This solves a real problem: without a reference image, camera-angle variance has to be described entirely through the prompt, which is imprecise. A synthetic render gives the model something concrete to match, so the angle stays under control. This synthetic data is used for pre-training, with a much smaller sample of real data reserved for fine-tuning.

Setting the Blender scene: core concepts

Asset sourcing

The T-shirt mesh is a downloaded 3D asset (glTF format, from Sketchfab) and the table is a separate downloaded asset (FBX format), rather than being modeled from scratch. glTF was preferred for the T-shirt since it’s a lightweight, web-compatible format that keeps texture references bundled.

The table asset imported into the scene.

Table asset

The T-shirt asset imported into the scene.

T-shirt asset

Scene composition

The table is placed first, with the T-shirt on top.

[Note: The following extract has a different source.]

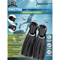 Ласты Marlin Scuba EBS (Марлин Скуба ЭБС) – профессиональные ласты с открытой пяткой для дайвинга. Предназначены для одевания на неопреновый ботинок. Двухкомпонентная лопасть изготовлена из технополимера и термопластичной резины. Конструкция лопасти имеет несколько особенностей, которые обеспечивают максимальную силу гребка, скорость и маневренность:

A small amount of overlap between the two is fine since the training data only needs “textile placed on a table,” not pixel-perfect contact. The scene itself stays static; all the variation needed for training comes from randomizing the T-shirt’s orientation and the camera’s viewpoint, not from animating scene properties.

The full Blender setup, showing the table and T-shirt meshes, the cloth physics settings, and the camera in the outliner.

Blender scene setup overview

Camera perspective rationale

The camera setup mirrors real-world deployment, where the recognition system captures the textile from a top-down angle, either a fixed overhead camera or one mounted on a robotic arm. To match those conditions, the synthetic camera angles are also sampled around a top-down viewpoint.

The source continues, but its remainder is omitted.